### What is required
Please say how many lines in the records below contain the word "with", giving only the number.

####

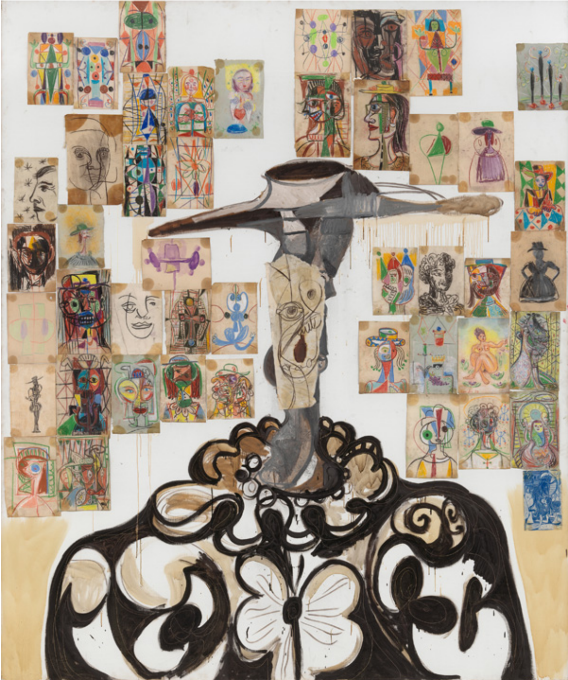
George Condo, Spanish Head Composition , 1988. Oil and collage on paper mounted on canvas, 118 × 98 in. The Museum of Modern Art, New York. Given anonymously, 2013.

Condo: I think it's a pleasure to play with people's heads, and say, listen: they're going to come in and see everything they know, and it's not going to be what they want it to be because it's all used for the wrong reasons, and then it adds up, and they have to see what it is used for.
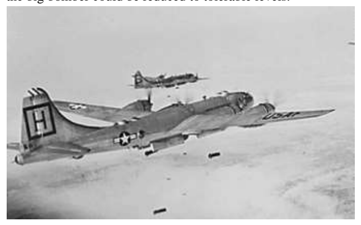
A B-29 Superfortress drops bombs on targets in the Pacific Theater of Operations during World War II.

In the summer of 1944, the 25-year-old U.S. Lieutenant Colonel Paul W. Tibbets had a problem. He was in charge of training pilots on the Army Air Forces' newest, biggest and most complicated bomber yet, and the task was turning out to be much more onerous than he'd anticipated. Tibbets' men were putting up unprecedented resistance. In point of fact, the pilots had every reason to be wary. The B-29 was not only much larger and heavier than any bomber the U.S. had flown before, it also hadn't gone through the years of operational testing to which Boeing had subjected its predecessor the B-17. Initially engine fires were one of the major problems. The planes' Wright engines were often called the Wrong engines. Part of the trouble could be traced to the engine cowlings that were too tight and often caused fires even before the planes had taken off. Although engine improvements were made over time, fires remained a problem throughout World War II.<sup>1</sup> Problems were still being encountered at the combat crew-training bases, and Tibbets felt that something needed to be done to reduce delays and losses that were occurring. His plan was to train two women to fly a B-29 and tour the training bases to demonstrate that risks of flying the big b6mber could be reduced to tolerable levels.<sup>2</sup>
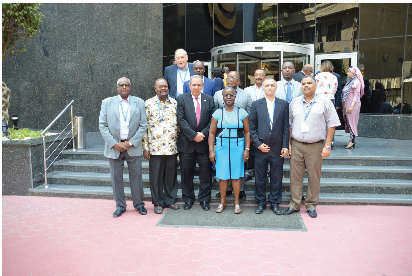
Elected Executive Committee Members of the 2AVSB with the Director of AU-IBAR
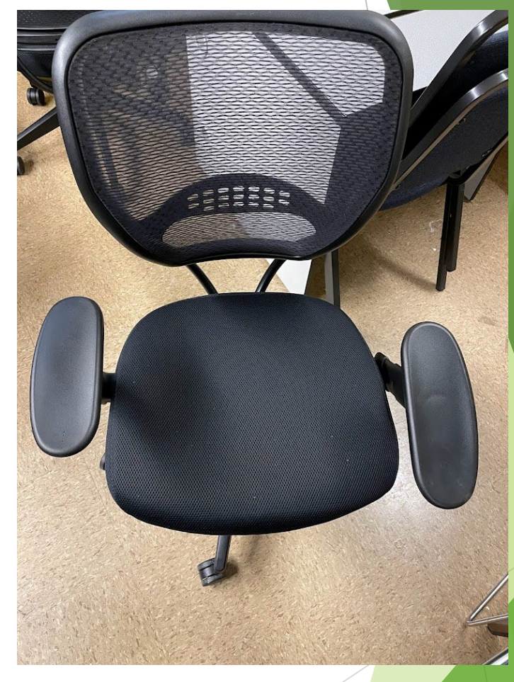
XA Qty 20
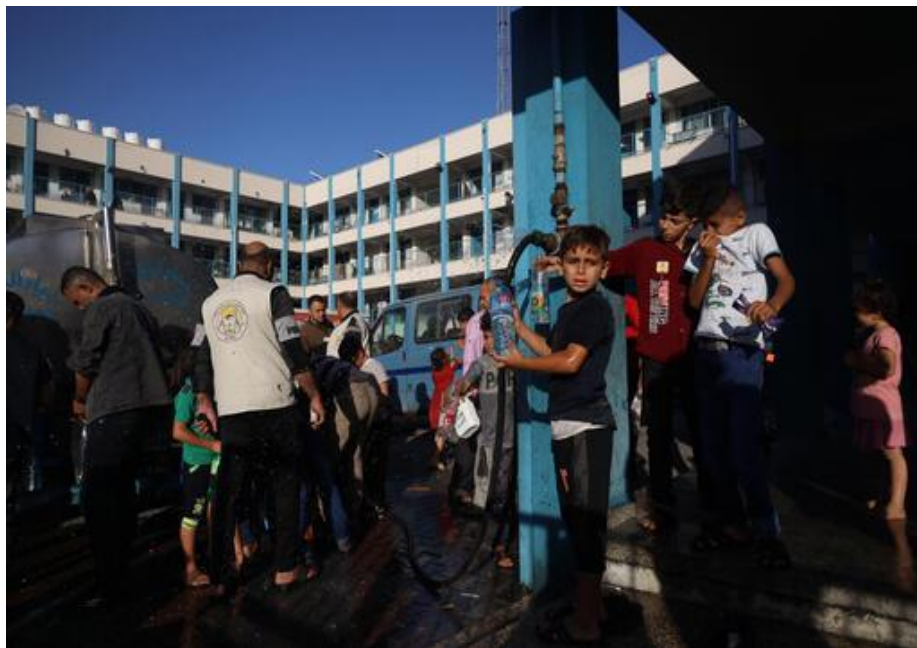
Children gather at a water truck to fill bottles with clean drinking water, 14 May 2021.
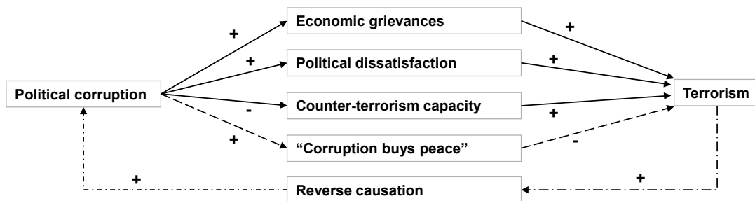
Figure 1: THE CORRUPTION–TERRORISM RELATIONSHIP

Figure 1 also alludes to two further points. First, an argument can be made that corruption may actually mitigate terrorist activity. We discuss this issue in Section 2.4 below. Second, potentially there is feedback between terrorism and political corruption, which may complicate empirical analyses of the effect of corruption on terrorism. We
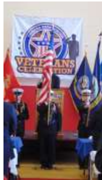
Presentation of colors by Navy JROTC
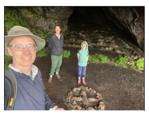
Church Cave, Isle of Rona *

It is not 'completely calm' yet, and if there's anything we have learned over the past eighteen months or so, it is that there is always the possibility of another storm brewing over the horizon.
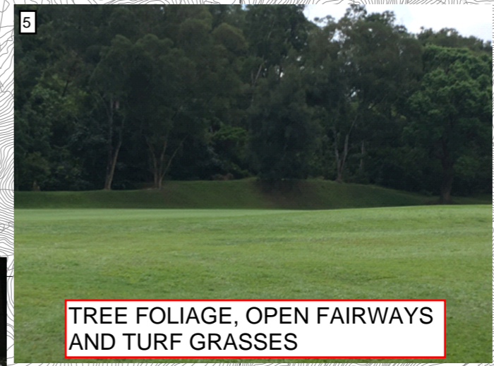
TREE FOLIAGE, OPEN FAIRWAYS AND TURF GRASSES

####

### Output for this task
3